* [Material supplied]:
----------

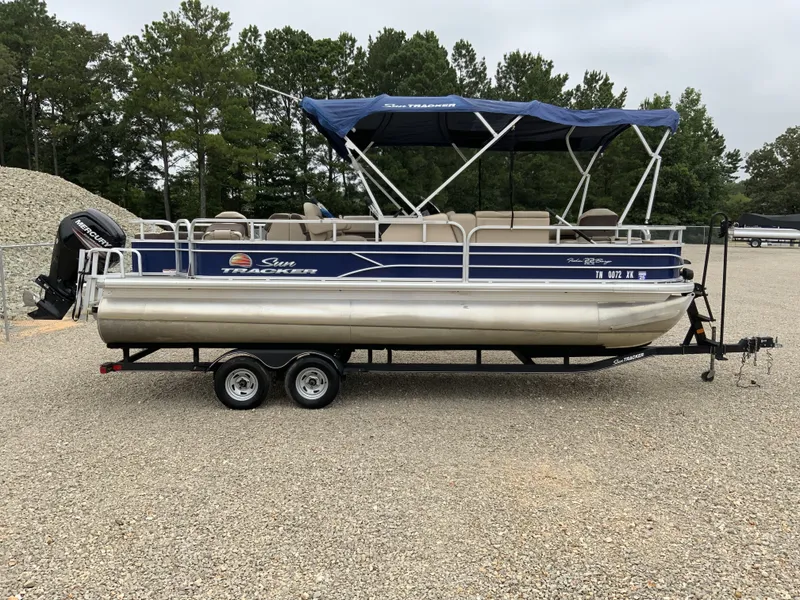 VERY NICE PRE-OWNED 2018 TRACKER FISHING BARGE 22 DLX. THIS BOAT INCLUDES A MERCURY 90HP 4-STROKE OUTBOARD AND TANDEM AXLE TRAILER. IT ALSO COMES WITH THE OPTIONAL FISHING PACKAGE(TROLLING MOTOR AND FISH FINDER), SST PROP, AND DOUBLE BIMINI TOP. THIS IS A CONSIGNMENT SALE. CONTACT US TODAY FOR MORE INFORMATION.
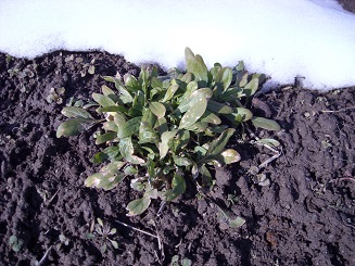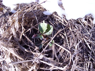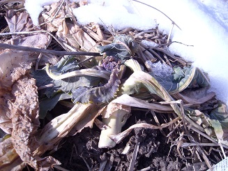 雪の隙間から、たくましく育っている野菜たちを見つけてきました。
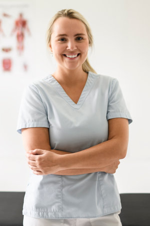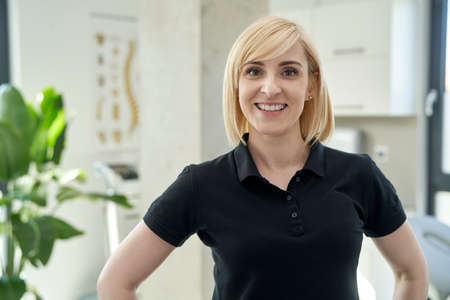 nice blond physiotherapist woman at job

----------

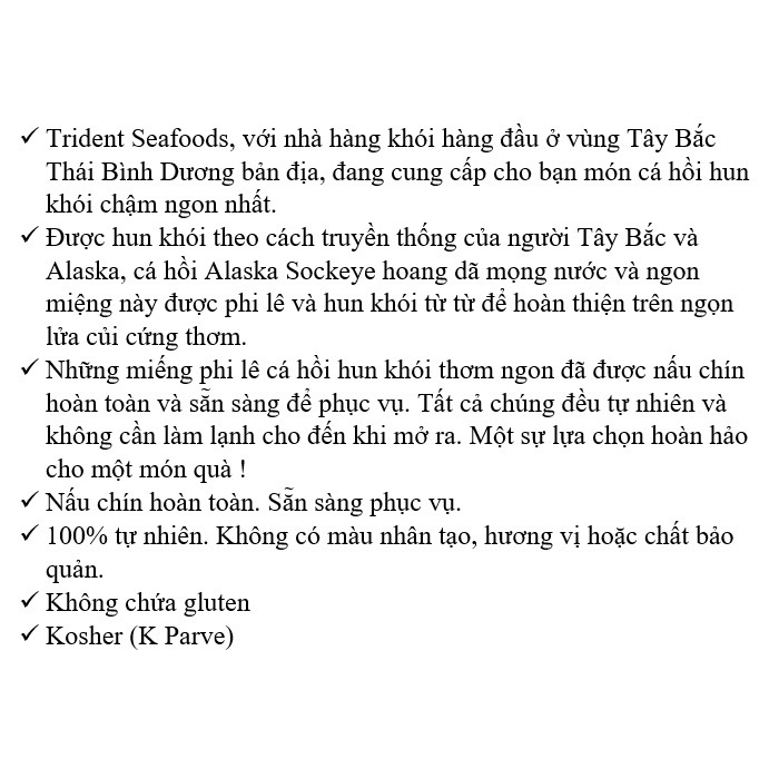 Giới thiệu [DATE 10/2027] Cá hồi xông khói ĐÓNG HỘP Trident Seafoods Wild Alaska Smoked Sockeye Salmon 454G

----------

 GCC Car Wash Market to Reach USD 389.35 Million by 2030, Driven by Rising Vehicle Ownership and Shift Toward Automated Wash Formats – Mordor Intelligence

----------

* [Problem to work on]:
Print from the line containing "VERY NICE PRE-OWNED" through the line containing "nice blond physiotherapist woman at job" in the data above, exactly as the lines stand, and omit every picture.

* [Response to the task]:
 VERY NICE PRE-OWNED 2018 TRACKER FISHING BARGE 22 DLX. THIS BOAT INCLUDES A MERCURY 90HP 4-STROKE OUTBOARD AND TANDEM AXLE TRAILER. IT ALSO COMES WITH THE OPTIONAL FISHING PACKAGE(TROLLING MOTOR AND FISH FINDER), SST PROP, AND DOUBLE BIMINI TOP. THIS IS A CONSIGNMENT SALE. CONTACT US TODAY FOR MORE INFORMATION.
 雪の隙間から、たくましく育っている野菜たちを見つけてきました。
 nice blond physiotherapist woman at job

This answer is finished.